Kitts wrapped one end of the smooth cashmere sock around my wrist, doubling the knot until I winced in pain. I was trying to think of any word that applied except panic. That had consequences I didn’t want to accept.

“I’m surprised you missed the signals, Alex.”

I couldn’t make up my mind whether to look out at the bright blue sky, praying for a miracle, or watch Kitts tie the other end of the long sock to the banister.

“You hear me?”

“What signals?” I asked.

“Jeannie Parcher. That paralegal I got messed up with. She wanted to talk to you so bad. She threatened me that she’d go see you for advice. What to do when I got nasty.”

Mike had guessed right about that. Jeannie had tried to tell me about her experience-Mike had asked me if Rowdy had gotten rough with her-but I didn’t pick up on what terrified her about this hideously evil man.

“What did you do to Jeannie?” I asked softly.

“Nothing you want to hear right now,” he said, sneering at me. “You ought to give her a ring sometime.”

The arm that Kitts was tying up jerked so badly that he grabbed my shoulders and started to shake me.

When he let go, I realized for the first time that he had bound me securely to the iron rail. I’d been so fearful of falling throughout the entire climb that it was almost a relief to be anchored to something that wasn’t going to move.

“It’s too tight, Rowdy.” I was still afraid of what he might do to me before he left.

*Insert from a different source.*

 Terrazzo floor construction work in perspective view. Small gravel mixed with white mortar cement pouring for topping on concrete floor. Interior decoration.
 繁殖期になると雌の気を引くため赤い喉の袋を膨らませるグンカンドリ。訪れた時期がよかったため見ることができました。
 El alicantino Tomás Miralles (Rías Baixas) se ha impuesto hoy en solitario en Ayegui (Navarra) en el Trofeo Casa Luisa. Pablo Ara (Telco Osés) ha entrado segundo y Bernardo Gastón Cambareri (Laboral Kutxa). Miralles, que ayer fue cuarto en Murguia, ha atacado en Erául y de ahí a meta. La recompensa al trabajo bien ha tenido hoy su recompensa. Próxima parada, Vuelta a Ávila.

“I don’t really think you’re in a position to be calling the shots, Alex. Shit, there’s always the Civilian Complaint Review Board.” He was laughing as he balled up the other sock between his hands and leaned over to stuff it in my mouth. “You can take up all your problems with them.”

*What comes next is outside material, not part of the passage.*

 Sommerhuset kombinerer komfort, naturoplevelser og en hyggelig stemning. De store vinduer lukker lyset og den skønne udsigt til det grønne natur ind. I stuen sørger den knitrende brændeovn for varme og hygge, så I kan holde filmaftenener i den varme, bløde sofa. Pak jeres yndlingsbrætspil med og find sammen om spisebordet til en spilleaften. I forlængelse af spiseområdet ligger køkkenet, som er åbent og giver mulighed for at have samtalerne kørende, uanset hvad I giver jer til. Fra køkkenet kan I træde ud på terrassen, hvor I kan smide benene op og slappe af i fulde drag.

I recoiled as he came at me. I clutched the banister as tightly as I could, almost chained to it as I was. Both of my knees came up between us, almost reflexively. I kicked my legs out in front of me with all the power I could muster and struck Rowdy Kitts squarely in the gut.

I screamed as I watched him fly backward over the railing, shouting my name, falling through the middle of the spiral staircase until his body hit the floor of the water tower, several stories below me.

I covered my eyes with my hand and tried to make myself breathe.